Data items:
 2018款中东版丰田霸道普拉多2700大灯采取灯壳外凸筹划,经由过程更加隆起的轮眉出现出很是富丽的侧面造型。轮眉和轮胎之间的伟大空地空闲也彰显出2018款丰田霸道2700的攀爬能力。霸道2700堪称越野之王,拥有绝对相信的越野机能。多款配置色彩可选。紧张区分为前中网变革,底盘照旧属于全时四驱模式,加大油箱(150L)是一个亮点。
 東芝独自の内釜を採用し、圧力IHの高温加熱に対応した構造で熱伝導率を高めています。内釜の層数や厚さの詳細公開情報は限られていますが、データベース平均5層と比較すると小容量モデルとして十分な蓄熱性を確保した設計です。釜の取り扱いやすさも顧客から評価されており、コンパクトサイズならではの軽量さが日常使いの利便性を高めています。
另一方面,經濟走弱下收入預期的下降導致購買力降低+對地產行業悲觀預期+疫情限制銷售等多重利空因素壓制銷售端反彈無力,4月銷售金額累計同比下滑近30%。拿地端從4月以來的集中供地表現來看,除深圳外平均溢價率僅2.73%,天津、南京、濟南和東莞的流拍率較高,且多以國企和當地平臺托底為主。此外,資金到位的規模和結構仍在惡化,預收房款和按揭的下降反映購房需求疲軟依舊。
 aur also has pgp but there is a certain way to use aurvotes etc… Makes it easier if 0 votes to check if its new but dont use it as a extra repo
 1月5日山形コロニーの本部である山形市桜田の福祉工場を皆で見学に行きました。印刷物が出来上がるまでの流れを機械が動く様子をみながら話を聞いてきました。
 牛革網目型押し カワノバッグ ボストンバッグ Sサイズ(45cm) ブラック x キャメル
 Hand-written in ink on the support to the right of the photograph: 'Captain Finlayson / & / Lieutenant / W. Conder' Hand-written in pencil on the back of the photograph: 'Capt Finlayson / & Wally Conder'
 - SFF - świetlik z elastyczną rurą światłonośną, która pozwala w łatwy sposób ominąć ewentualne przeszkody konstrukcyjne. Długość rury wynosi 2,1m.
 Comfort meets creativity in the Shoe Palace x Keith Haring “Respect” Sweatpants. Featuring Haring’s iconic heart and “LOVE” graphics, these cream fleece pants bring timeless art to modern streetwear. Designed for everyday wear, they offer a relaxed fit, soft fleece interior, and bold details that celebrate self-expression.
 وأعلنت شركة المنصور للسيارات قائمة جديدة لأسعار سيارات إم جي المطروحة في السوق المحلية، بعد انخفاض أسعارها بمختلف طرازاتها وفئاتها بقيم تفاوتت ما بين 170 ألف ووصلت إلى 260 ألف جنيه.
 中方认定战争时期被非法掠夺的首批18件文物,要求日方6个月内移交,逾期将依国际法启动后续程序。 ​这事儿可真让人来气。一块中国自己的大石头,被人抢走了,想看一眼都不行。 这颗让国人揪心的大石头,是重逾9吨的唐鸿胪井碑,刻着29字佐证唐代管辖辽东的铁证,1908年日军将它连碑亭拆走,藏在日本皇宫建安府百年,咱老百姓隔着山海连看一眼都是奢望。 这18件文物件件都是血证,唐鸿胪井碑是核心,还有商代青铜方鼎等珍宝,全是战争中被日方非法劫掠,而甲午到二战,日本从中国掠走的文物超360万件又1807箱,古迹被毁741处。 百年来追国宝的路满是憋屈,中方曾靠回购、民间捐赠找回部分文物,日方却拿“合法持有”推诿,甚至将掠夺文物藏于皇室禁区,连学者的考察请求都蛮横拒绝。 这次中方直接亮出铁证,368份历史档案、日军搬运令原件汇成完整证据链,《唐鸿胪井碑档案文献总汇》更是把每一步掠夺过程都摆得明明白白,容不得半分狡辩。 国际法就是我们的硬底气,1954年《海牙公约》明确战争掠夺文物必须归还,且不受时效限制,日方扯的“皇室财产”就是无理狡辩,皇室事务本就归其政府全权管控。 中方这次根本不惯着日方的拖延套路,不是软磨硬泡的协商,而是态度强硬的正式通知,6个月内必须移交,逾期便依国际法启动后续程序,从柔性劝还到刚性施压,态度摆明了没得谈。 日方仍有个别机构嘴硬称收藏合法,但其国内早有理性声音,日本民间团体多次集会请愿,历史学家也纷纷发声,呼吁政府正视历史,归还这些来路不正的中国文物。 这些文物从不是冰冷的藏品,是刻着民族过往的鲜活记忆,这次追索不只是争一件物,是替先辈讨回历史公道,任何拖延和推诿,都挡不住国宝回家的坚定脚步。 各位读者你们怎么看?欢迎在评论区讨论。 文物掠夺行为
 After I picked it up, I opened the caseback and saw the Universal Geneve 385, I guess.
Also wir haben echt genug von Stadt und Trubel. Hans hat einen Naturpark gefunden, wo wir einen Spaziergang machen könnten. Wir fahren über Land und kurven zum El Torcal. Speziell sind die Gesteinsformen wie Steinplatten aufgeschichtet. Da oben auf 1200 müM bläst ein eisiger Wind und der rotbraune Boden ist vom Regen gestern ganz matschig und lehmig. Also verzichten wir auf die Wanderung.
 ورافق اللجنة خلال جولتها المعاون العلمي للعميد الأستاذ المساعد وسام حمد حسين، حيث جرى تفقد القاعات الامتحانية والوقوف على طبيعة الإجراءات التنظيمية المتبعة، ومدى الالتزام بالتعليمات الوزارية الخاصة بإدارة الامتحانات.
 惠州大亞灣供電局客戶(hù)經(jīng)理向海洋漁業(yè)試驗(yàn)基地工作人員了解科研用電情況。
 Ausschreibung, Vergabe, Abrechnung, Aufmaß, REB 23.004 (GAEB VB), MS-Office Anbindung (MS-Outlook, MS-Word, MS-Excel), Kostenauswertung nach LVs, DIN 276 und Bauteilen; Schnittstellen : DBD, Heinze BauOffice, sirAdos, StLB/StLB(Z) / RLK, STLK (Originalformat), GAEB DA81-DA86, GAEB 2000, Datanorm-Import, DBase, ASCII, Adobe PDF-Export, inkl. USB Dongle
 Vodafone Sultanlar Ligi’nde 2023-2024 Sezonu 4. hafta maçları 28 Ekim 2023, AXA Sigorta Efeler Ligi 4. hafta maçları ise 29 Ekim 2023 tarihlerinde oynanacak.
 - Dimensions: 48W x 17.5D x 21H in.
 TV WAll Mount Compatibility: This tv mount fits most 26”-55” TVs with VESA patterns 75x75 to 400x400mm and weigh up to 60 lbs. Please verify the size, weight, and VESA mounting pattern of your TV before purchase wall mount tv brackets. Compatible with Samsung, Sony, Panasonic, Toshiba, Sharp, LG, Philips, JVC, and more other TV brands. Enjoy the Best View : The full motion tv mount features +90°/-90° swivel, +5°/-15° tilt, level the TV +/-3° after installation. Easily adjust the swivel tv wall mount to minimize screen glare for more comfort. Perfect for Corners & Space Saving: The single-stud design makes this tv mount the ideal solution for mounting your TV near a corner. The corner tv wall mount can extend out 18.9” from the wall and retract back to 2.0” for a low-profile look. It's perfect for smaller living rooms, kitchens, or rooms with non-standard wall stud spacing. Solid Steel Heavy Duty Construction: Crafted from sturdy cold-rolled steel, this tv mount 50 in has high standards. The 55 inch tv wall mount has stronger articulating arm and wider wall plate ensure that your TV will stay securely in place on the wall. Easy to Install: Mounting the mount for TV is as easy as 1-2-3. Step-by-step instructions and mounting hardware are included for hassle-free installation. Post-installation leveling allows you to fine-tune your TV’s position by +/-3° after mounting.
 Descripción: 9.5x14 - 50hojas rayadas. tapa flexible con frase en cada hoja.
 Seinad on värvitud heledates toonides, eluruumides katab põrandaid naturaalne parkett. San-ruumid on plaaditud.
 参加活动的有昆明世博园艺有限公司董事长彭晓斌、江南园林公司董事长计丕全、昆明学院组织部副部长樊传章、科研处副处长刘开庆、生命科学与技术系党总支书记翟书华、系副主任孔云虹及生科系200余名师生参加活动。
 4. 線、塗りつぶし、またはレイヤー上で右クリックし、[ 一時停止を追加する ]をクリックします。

▶ [Work item]
Nothing but the lines from the start of the data above through the line with "東芝独自の内釜を採用し、圧力" should appear in your answer, copied exactly.

▶ [Answer below]
 2018款中东版丰田霸道普拉多2700大灯采取灯壳外凸筹划,经由过程更加隆起的轮眉出现出很是富丽的侧面造型。轮眉和轮胎之间的伟大空地空闲也彰显出2018款丰田霸道2700的攀爬能力。霸道2700堪称越野之王,拥有绝对相信的越野机能。多款配置色彩可选。紧张区分为前中网变革,底盘照旧属于全时四驱模式,加大油箱(150L)是一个亮点。
 東芝独自の内釜を採用し、圧力IHの高温加熱に対応した構造で熱伝導率を高めています。内釜の層数や厚さの詳細公開情報は限られていますが、データベース平均5層と比較すると小容量モデルとして十分な蓄熱性を確保した設計です。釜の取り扱いやすさも顧客から評価されており、コンパクトサイズならではの軽量さが日常使いの利便性を高めています。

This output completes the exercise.